Inside, around a horseshoe-shaped table sat the king, his councilors, and the ambassadors of those nations allied with Hyrule in the coming struggle. Her eyes went first to her father, on whom the last five years had not fallen gently. The lines around his eyes had deepened, and a fine web of smaller wrinkles covered his cheeks and brow, too fine to be seen from a polite distance. A few spots had blossomed, Zelda knew, on his cheeks, but were being carefully hidden with cosmetics. The illusion of strength the king wore was one of the few reasons Ganondorf was still in far lands, gathering allies, and not yet laying siege to Hyrule.

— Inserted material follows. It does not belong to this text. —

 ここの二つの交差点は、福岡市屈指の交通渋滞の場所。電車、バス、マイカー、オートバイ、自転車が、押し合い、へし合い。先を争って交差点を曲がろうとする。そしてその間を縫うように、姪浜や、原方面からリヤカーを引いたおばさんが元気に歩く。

The fact that so much of the king’s strength was illusion, though, was part of the reason Zelda was already an active member of the council, and acted as the head of the royal intelligence network. Put simply, neither king nor princess expected there to be much time before the kingdom would change hands. The less resistance Zelda met, particularly from her own advisors, the better-most especially in a time of crisis such as the war. It wouldn’t be possible to safely arrange the requisite pomp and circumstance for even the barest of coronation ceremonies during the war, and such a ceremony would prove a tremendously tempting target for Ganondorf. As such, they were getting the councilors used to the idea of heeding and obeying Princess Zelda, when a strict reading of the nation’s laws would only compel them to obey Queen Zelda.

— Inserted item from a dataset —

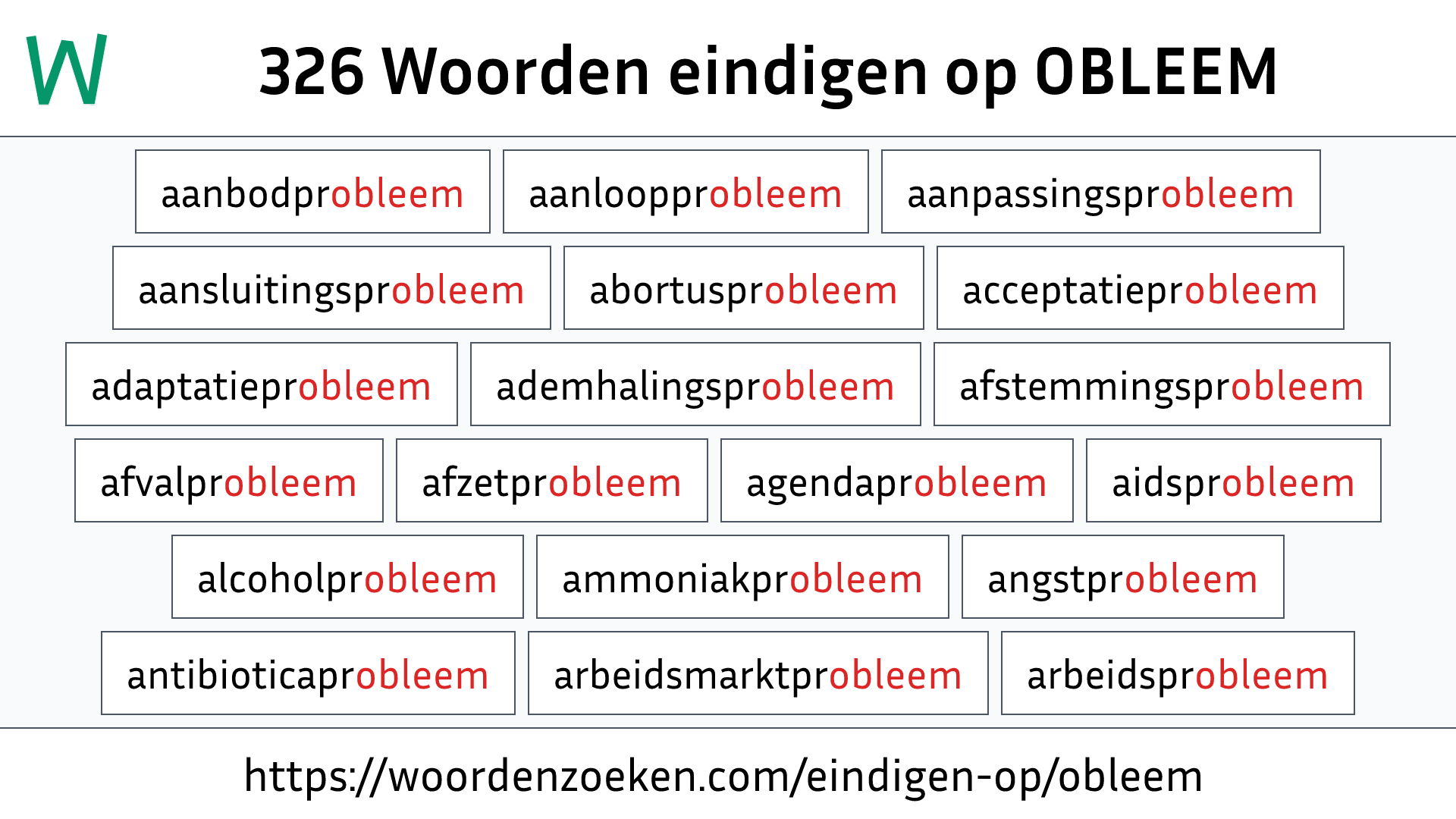 Hieronder staat een lijst van 326 Nederlandse woorden eindigen op OBLEEM. Als je spellen speelt zoals Wordfeud, Scrabble, uitdagende kruiswoordpuzzels maakt, of op zoek bent naar een specifiek woord, dan kan deze lijst handig voor je zijn. Wil je de zoekfilters aanpassen om meer woorden te bevatten of een specifiek woord te vinden? Wijzig de filters in het formulier op deze pagina en klik op "Zoeken".

“Your majesty,” the princess began, inclining her head to her father from her own position at the mouth of the horseshoe, and the lectern there. “Honored councilors,” she continued, nodding briefly around the room, “news has come of our enemy’s movements. I regret to inform you that the word is not good.” She passed the scroll tube she carried to a page, who hurried it to the hands of the king, where it was unrolled and quietly read while she summarized its contents aloud.

“Ganondorf has succeeded in uniting several of the moblin tribes under his rule, and uses them to bring the rest into his fold. He has hired or coerced a number of mages, necromancers among them, and what bleak Arts they do not teach him, they perform in his service. He has-“ she paused for a moment, and spared a sympathetic glance to the muscular, trollish creature who hulked at one end of the table. “Lastly, our spies have determined that it was Ganondorf who engineered a successful coup within the Goron settlement on Death Mountain, carried out by Goron dissidents.”

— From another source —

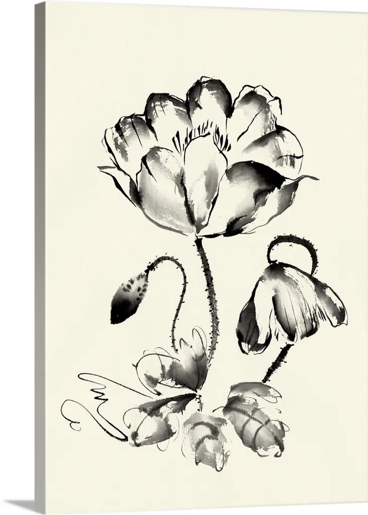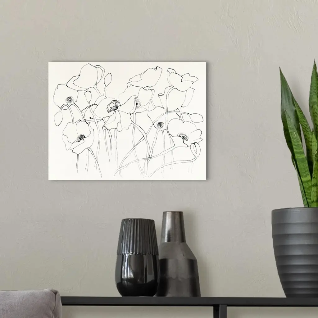 Contemporary illustrative artwork of outlined flowers against a cream toned background.

More gently, in answer to the shocked, sorrowful expression the burly creature wore, adding, “I’m sorry, ambassador, but you and your embassy are in exile. Your family… I’m sorry.”

The Goron ambassador bowed his head, mourning with an odd sound somewhere between a croon and a groan. The rest at the table were silent for a long moment, before Zelda’s quiet tones resumed their summary. “So far, Ganondorf seems more interest in the Gorons as smiths than soldiers. At this point, we suspect he intends to arm and armor as many of his soldiers as possible with Goron work.” Her eyes swept over the councilors again, taking in the varied reactions to the news. The Goron ambassador in particular was grinding his teeth audibly.

“I see the weight of this development is not lost on you. Good. We must expect that Ganondorf’s armies will have the very best that Goron smiths could make. We should begin planning countermeasures immediately.”

“And I will give you the first,” the Goron announced suddenly, his booming, gravelly voice surprising even Zelda a little. “Your soldiers will have arms and armor to match anything my kinsmen could make. Ganondorf will not stain my people’s honor with his filth, if I must forge every piece myself.” And with that pronouncement, the huge creature lumbered toward chamber doors, shoving the heavy timber panels aside without so much as a break in his stride.

The guards in the hall peeked in, stunned, before hurriedly closing the doors. As the rest of the councilors relaxed after the outburst, the princess caught a glint of light out of the corner of her eye and glanced to better see Impa, her silent guardian, discreetly resheathing a glassy short sword.

With calm restored, Zelda took a steadying breath and spoke again. “Ganondorf is not waiting for us, we cannot afford to wait for him. It is time to send the Hero on his first quest.”